As you follow the example, you are introduced to some of the basic tasks of
designing a filter and using FDATool. You will engage some of the quantization
capabilities of the toolbox, and a few of the filter design architectures provided
as well.
Before you begin this example, start MATLAB and verify that you have
installed Signal Processing and Filter Design Toolboxes (type ver at the
command prompt). You should see Filter Design Toolbox, version 2.0 and
Signal Processing Toolbox, version 5.0, among others, in the list of installed
products.
Example - Creating a Quantized IIR Filter
Example Background. Wireless communications technologies, such as cellular
telephones, need to account for the receiver’s motion relative to the transmitter
and for path changes between the stations.

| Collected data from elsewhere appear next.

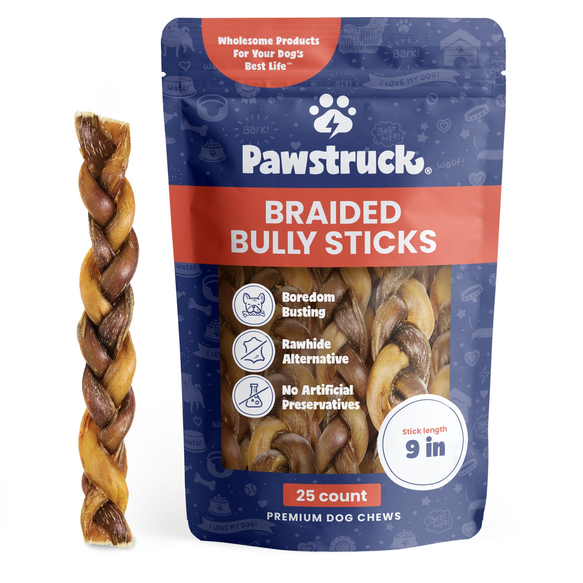 Pawstruck Natural 9” Braided Bully Sticks for Dogs - Tough Long Lasting, Rawhide Free, Low Odor, Healthy Single Ingredient Chew Treat for Aggressive Chewers - 25 Count - Packaging May Vary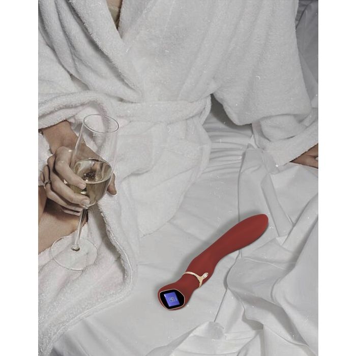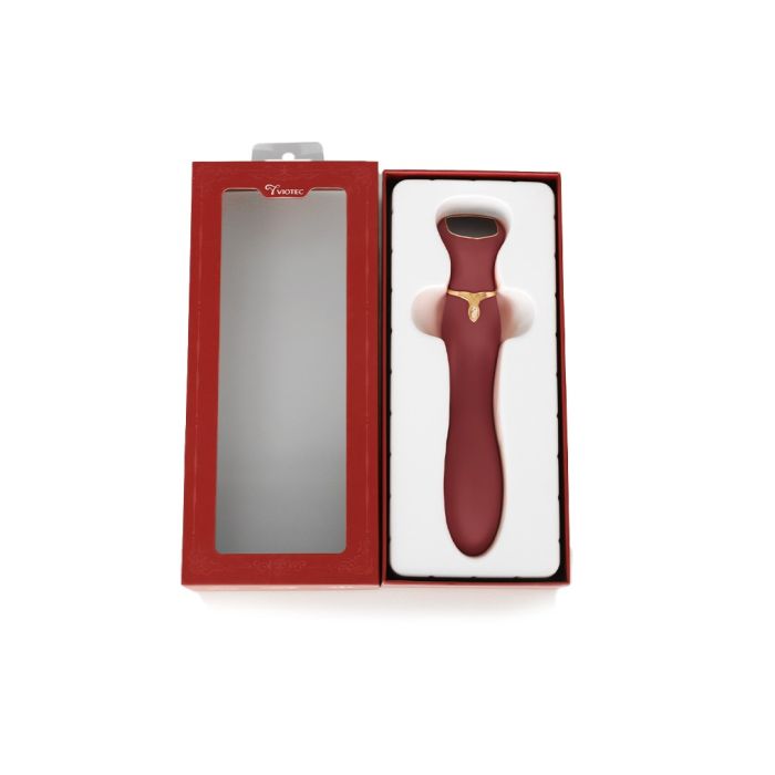 Maak kennis met de Viotec Chance, een verfijnde g-spot massager die niet alleen esthetisch aantrekkelijk is, maar ook ontworpen is om een ongeëvenaarde sensatie te bieden. De combinatie van een luxueuze gouden afwerking en wijnrode accenten maakt dit apparaat tot een waar pronkstuk in elke slaapkamer. Het ergonomische ontwerp zorgt ervoor dat de vibrator perfect in de hand ligt, terwijl de zachte, huidvriendelijke materialen een comfortabele ervaring garanderen. Dankzij het innovatieve LCD-scherm aan de bovenkant van de stimulator heb je volledige controle over je plezier; met een eenvoudige veegbeweging pas je de vibratie-intensiteit aan en navigeer je door de verschillende vibratiestanden.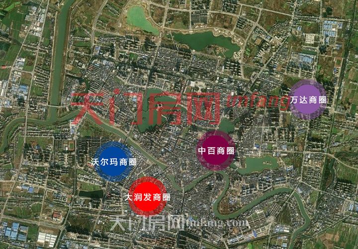 目前天门一城五区,除了城北外,其余板块皆有大型商圈:老城区有中百,城南有大润发,城西有沃尔玛,城东有万达。

To model the channel fading and
frequency shifting that occurs when the receiver is moving, wireless
communications models apply a lowpass filter to the transmitted signal. With
a narrow passband of 0 to 40Hz that modifies the transmitted signal, the
lowpass filter simulates the Doppler shift caused by the motion between the
transmitter and receiver. As the lowpass filter requires a rather peculiar rising
shape across the passband and an extremely sharp transition region, designing
and quantizing the filter presents an interesting study in filter design. In
Figure 1-2, you see the frequency response curve for the RFC filter. Notice the
narrow passband with the rising shape and the sharp cutoff transition. Also
note that the y-axis is a linear scale that dramatizes the shape of the passband.